The government will continue to assess the impact of public health measures applied to public health unit regions for 28 days, or two COVID-19 incubation periods, the release stated.

Premier Doug Ford said the system is aimed at protecting public health and safety while avoiding broader closures across the province as the pandemic stretches through the winter months.

“This framework, developed in consultation with our health experts, will serve as an early warning system allowing us to scale up and scale back public health restrictions on a regional or community basis in response to surges and waves of COVID-19,” he said in the news release. “By introducing public health measures sooner, we can keep this deadly virus at bay, bend the curve and reclaim a little more of our normal lives.”

The new framework was welcomed by businesses, but immediately came under fire from some public health officials and doctors for being too lax. 

“Dear #Ontario health officials,” Dr. Nili Kaplan-Myrth, an Ottawa family doctor, said on Twitter, “I am not OK with the statement that it is time to “learn to live with Covid.” As a family doc, mother, community advocate. What that means for ppl with disabilities, seniors, healthcare workers, educators, migrant workers, & BIPOC is unconscionable.”

At a Nov. 3 news conference, Ford also said the government has enhanced its COVID-19 online dashboard, Ontario.ca/coronavirus, to provide more detailed numbers and information, including local cases by public health unit regions, the total number of cases, resolved cases, deaths and tests completed and how many are positive.

Finance Minister Rod Phillips announced that the government will provide $300 million in property tax and energy cost rebates to support businesses in modified stage 2 areas that were required to close or significantly restrict services, including restaurants, bars, gyms and cinemas. Under the new framework, the rebates will also be available for businesses in Control or Lockdown areas.
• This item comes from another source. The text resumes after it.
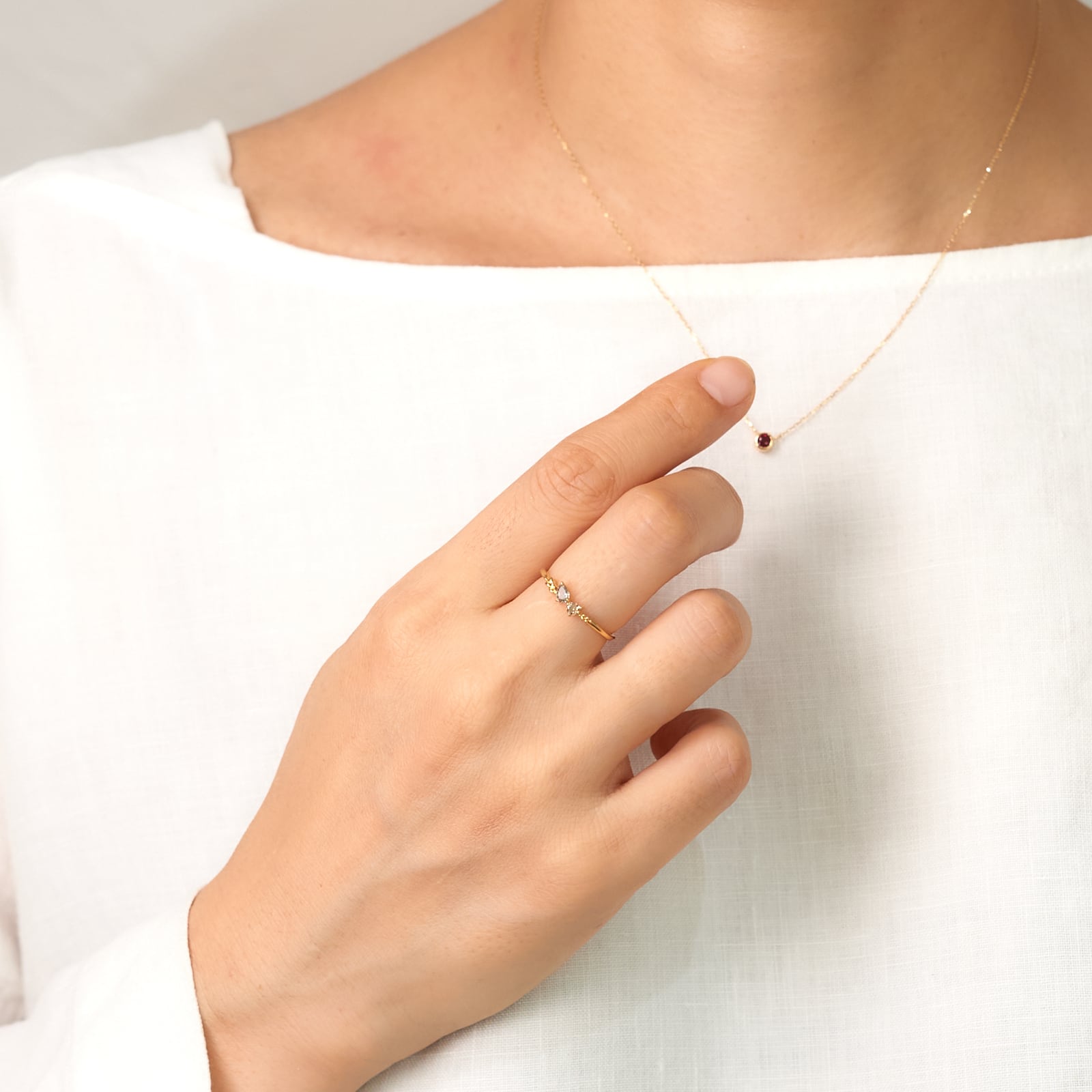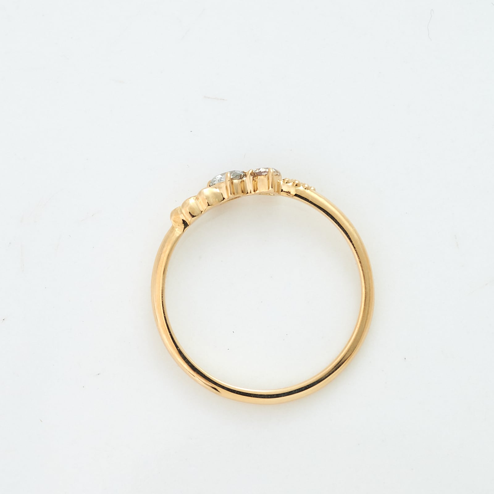アースカラーを彷彿されるカラーダイヤモンドのK18ゴールドリングは、他のリングと重ね付けていただいても馴染み良くお楽しみいただけると思います。

The property tax rebates will be net of any federal support in respect of property taxes provided through the new Canada Emergency Rent Subsidy (CERS), so that the rebate will cover costs beyond those covered by CERS, according to the news release.

Starting Nov. 16, eligible businesses will be able to apply for the temporary property tax and energy cost rebates directly to the province through an online application portal and should expect receipt within a few weeks of completing the application, said the release.

“Supporting businesses affected by necessary public health restrictions in regions experiencing a greater risk from COVID-19 is one way we are helping employers manage during these difficult times,” said Phillips, who is scheduled to present the province’s 2020 budget on Nov. 5.

More detail on the rebate program is available here.

Meanwhile, the Ontario Health Coalition, a public health-care advocacy group, reported in a Nov. 3 news release that clear data on how the virus is being transmitted among the general population is still not available, even as COVID-19 cases hit an all time high in the general population.

The release stated that Peel, with the highest rate of case positivity (6.5 per cent of people tested are testing positive) did not contact trace 16.9 per cent of the cases in the last week of October. In the same period, the proportions of COVID-positive cases that have not been contact traced in other modified stage 2 areas are: Toronto 65 per cent; Durham 27.5 per cent; and Ottawa 48.8 per cent.

“There appears to be no plan to improve public information and data about where transmission is occurring, to provide resources for contact tracing in Toronto and other hot spots, or to require the release of information about outbreaks in workplaces,” said the news release. “This raises serious questions. What is the goal of Ontario’s COVID response?”